What you are asked to do
Return the data exactly, apart from leaving out the pictures.

Available data
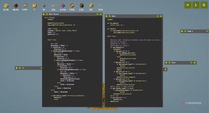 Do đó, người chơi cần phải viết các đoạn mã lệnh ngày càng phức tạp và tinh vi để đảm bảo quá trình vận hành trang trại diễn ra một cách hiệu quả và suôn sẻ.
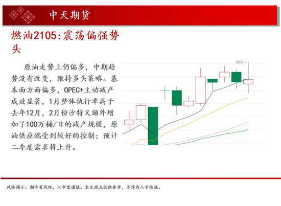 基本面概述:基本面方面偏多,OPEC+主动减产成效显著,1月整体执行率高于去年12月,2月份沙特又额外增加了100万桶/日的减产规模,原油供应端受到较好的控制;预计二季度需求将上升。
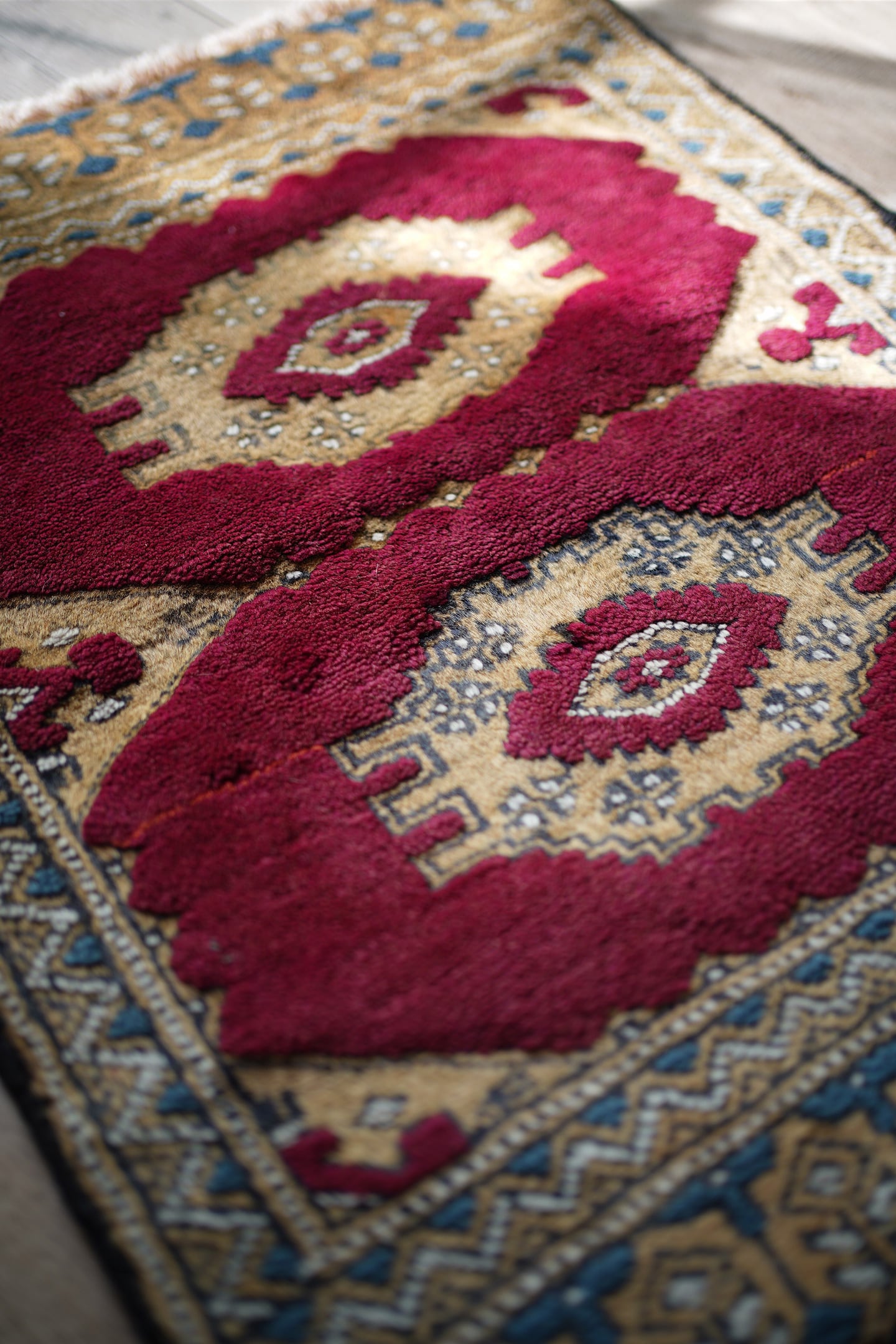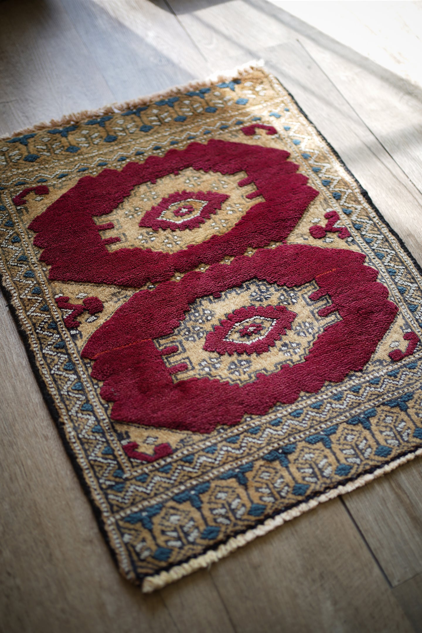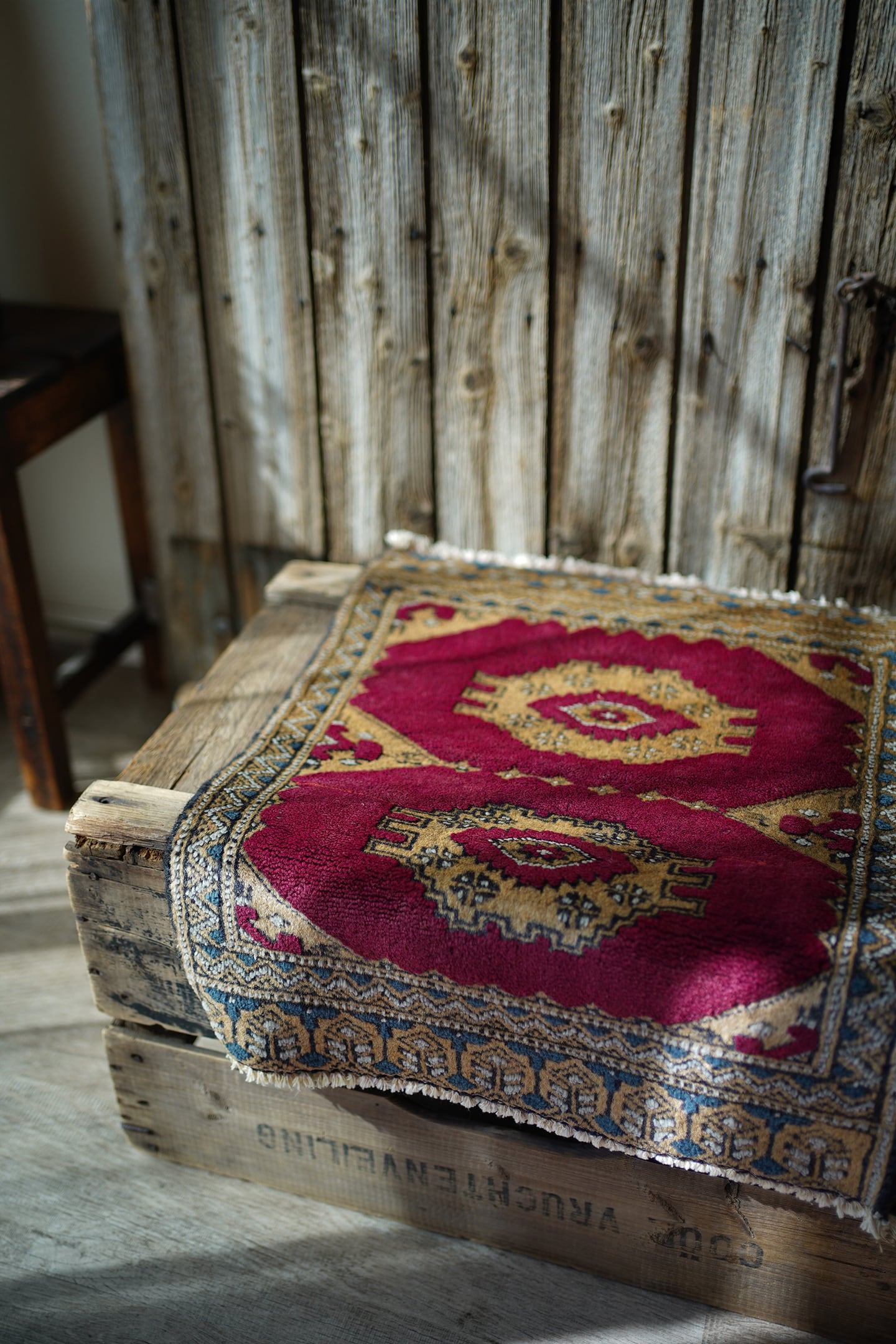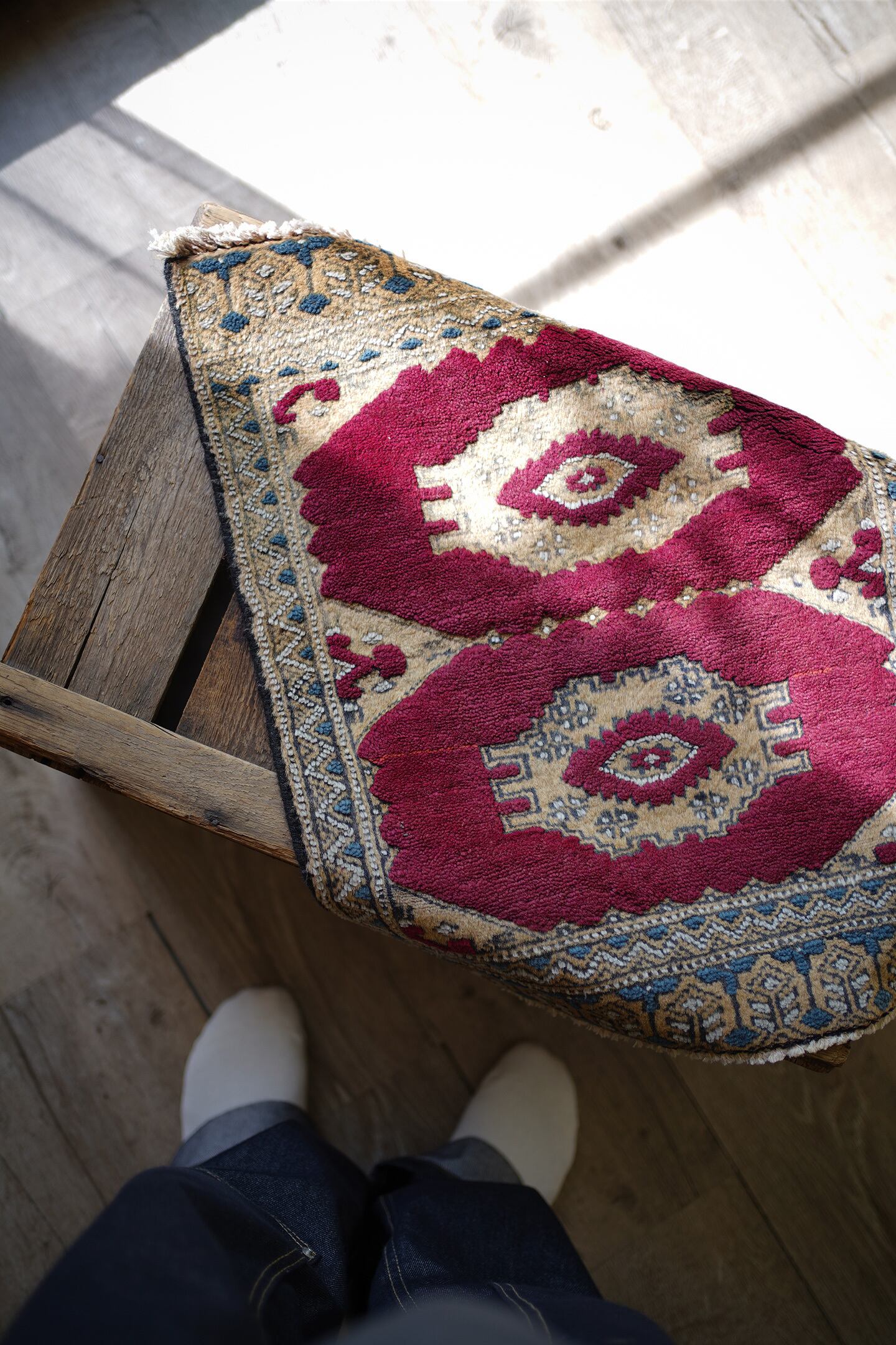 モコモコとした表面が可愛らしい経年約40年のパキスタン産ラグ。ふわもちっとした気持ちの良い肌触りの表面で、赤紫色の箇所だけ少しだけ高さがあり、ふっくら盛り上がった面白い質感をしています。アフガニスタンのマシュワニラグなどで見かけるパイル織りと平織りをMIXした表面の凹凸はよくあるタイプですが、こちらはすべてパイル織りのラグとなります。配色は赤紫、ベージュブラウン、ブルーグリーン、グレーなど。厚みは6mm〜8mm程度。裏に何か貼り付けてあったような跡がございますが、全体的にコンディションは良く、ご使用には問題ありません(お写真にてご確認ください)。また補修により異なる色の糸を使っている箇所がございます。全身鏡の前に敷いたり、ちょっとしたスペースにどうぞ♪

Solution for this exercise
 Do đó, người chơi cần phải viết các đoạn mã lệnh ngày càng phức tạp và tinh vi để đảm bảo quá trình vận hành trang trại diễn ra một cách hiệu quả và suôn sẻ.
 基本面概述:基本面方面偏多,OPEC+主动减产成效显著,1月整体执行率高于去年12月,2月份沙特又额外增加了100万桶/日的减产规模,原油供应端受到较好的控制;预计二季度需求将上升。
 モコモコとした表面が可愛らしい経年約40年のパキスタン産ラグ。ふわもちっとした気持ちの良い肌触りの表面で、赤紫色の箇所だけ少しだけ高さがあり、ふっくら盛り上がった面白い質感をしています。アフガニスタンのマシュワニラグなどで見かけるパイル織りと平織りをMIXした表面の凹凸はよくあるタイプですが、こちらはすべてパイル織りのラグとなります。配色は赤紫、ベージュブラウン、ブルーグリーン、グレーなど。厚みは6mm〜8mm程度。裏に何か貼り付けてあったような跡がございますが、全体的にコンディションは良く、ご使用には問題ありません(お写真にてご確認ください)。また補修により異なる色の糸を使っている箇所がございます。全身鏡の前に敷いたり、ちょっとしたスペースにどうぞ♪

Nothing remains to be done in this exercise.